The proper use of Data — data about team performance, data about customers or data about the competition, can be a sort of force multiplier. It has the potential to dramatically help a business to scale. But sadly, many businesses have data but don’t know how to properly leverage it. What exactly is useful data? How can you properly utilize data? How can data help a business grow? To address this, we are talking to business leaders who can share stories from their experience about “How To Effectively Leverage Data To Take Your Company To The Next Level”.
Neil Carson is currently CEO and co-founder of Yellowbrick Data. He started the company in a garage in San Mateo, California, along with Mark Brinicombe. Under his leadership, the company built an award-winning SQL data platform, widely adopted by FIS Global, the US Navy, America Movil, Zurich North America, and other leading global financial services institutions in place of legacy data warehouse technology. Prior to Yellowbrick, Neil Carson was CTO of Fusion-io, Inc, a pioneer in the SSD (solid-state disk) industry.
Thank you so much for joining us in this interview series. Before we dive in, our readers would love to “get to know you” a bit better. Can you tell us a bit about your ‘backstory’ and how you got started?
I moved from England to California to work for Oracle back in 1998 along with my friend Mark, who is also the co-founder of Yellowbrick. We’ve now been building software together for around 30 years. We met during university times in the UK. My main talent was the languages of humankind, but I was one of the people who always had a knack for computers. I started programming when I was nine years old and was quite good at it. I was monetizing shareware by the time I was 13. For me, building complex software is explaining to a very simple entity (the computer) what to do by decomposing problems. I scraped through my degree at the bottom of the class, despite acing the programming classes, because I was spending my time on entrepreneurial pursuits instead of studying.

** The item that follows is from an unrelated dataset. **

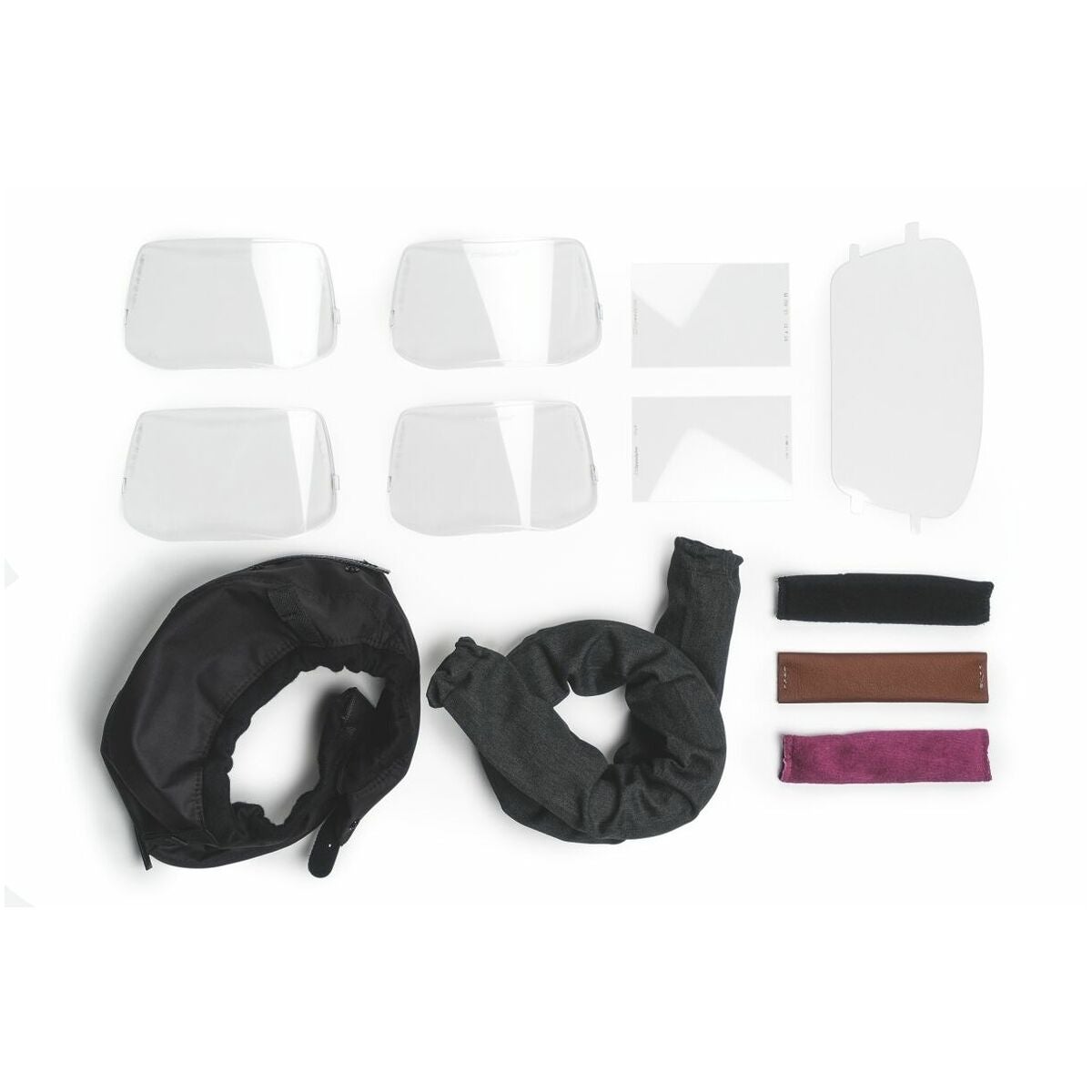 - Förbrukningsmateialsats (3 svettremmar av mjuk bomull, frotté (nr 098004) och läder, 2 invändiga försättsrutor (nr 098002), 4 utvändiga standardförsättsrutor (nr 097930), visir, luftslangöverdrag. ansiktstätning.

The idea for Yellowbrick came while at Fusion-io; as the CTO (Chief Travelling Officer) I was spending a disproportionate amount of time on the road visiting customers and prospects, fulfilling the role of head product manager, field CTO and evangelist. A lot of partners had come to us wanting to benchmark their SQL data warehouses on our fast SSD storage, but the benefits were marginal. We realized it was possible to produce a much higher-performing data warehouse at a far lower cost by making use of high-performance SSD storage and bypassing main memory. This patented architecture is the core of Yellowbrick’s secret sauce.
It has been said that sometimes our mistakes can be our greatest teachers. Can you share a story about a humorous mistake you made when you first starting and the lesson you learned from that?

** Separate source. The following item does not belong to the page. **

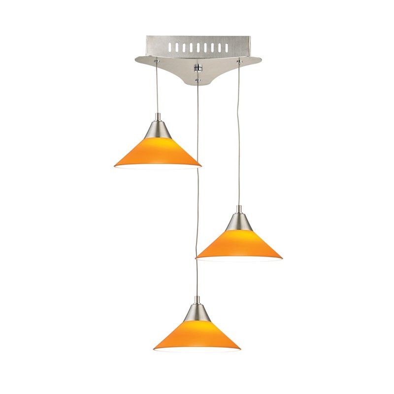 | Alico Cono 3 Light LED Pendant in Satin Nickel with Yellow Glass |

One of the funniest moments has to be learning how to manage and work with a start-up Board of Directors. There’s a natural tension between company (common) directors and the investor (preferred) directors.
Rapport and mutual trust take time to build. A good Board doesn’t just always say Yes but gives advice on strategy and pushes entrepreneurs to do better. There’s no shame in asking for help and sometimes there can be controversy or a difference of opinion in the room.
I failed to appreciate all of these dynamics during our first board meeting. I wore a brand new T-shirt from artist Plastered8, which I thought was quite funny — a cartoon of a man in a Chinese fortune cat outfit with giant dollar sunglasses, smoking a cigarette and proudly raising its middle finger. I stood up and presented to the newly formed Board of Directors, with the bright red cat front and centre. This wasn’t the best way of building a new relationship; some background phone calls between Directors asked if I was “giving them the flip now we got the money!”. Despite that setback, many years later, we all trust and appreciate each other.
Leadership often entails making difficult decisions or hard choices between two apparently good paths. Can you share a story with us about a hard decision or choice you had to make as a leader?
There have been several. As a leader, when you feel a department or project is on the wrong path, it almost certainly is, even though there’s often an instinctive belief that things can be rectified given time, and surely my own bad decisions didn’t lead to this path? This has happened a couple of times in the history of Yellowbrick, both with departments and projects. The hard choice is always “take time to build and develop teams and people, encourage them to get them where they need to go” or “accept that the people you have aren’t the people you need now, eat some humble pie that you should have realised that earlier, and rebuild the department or project.” In a larger company, you can take lots of time to follow the former path. In a smaller company where time is of the essence, you have to take the latter path: At small scale, it’s almost always quicker to rebuild than to get there incrementally. It’s been a hard lesson for me to learn, and has broken many close relationships, but has been a core factor in my personal growth.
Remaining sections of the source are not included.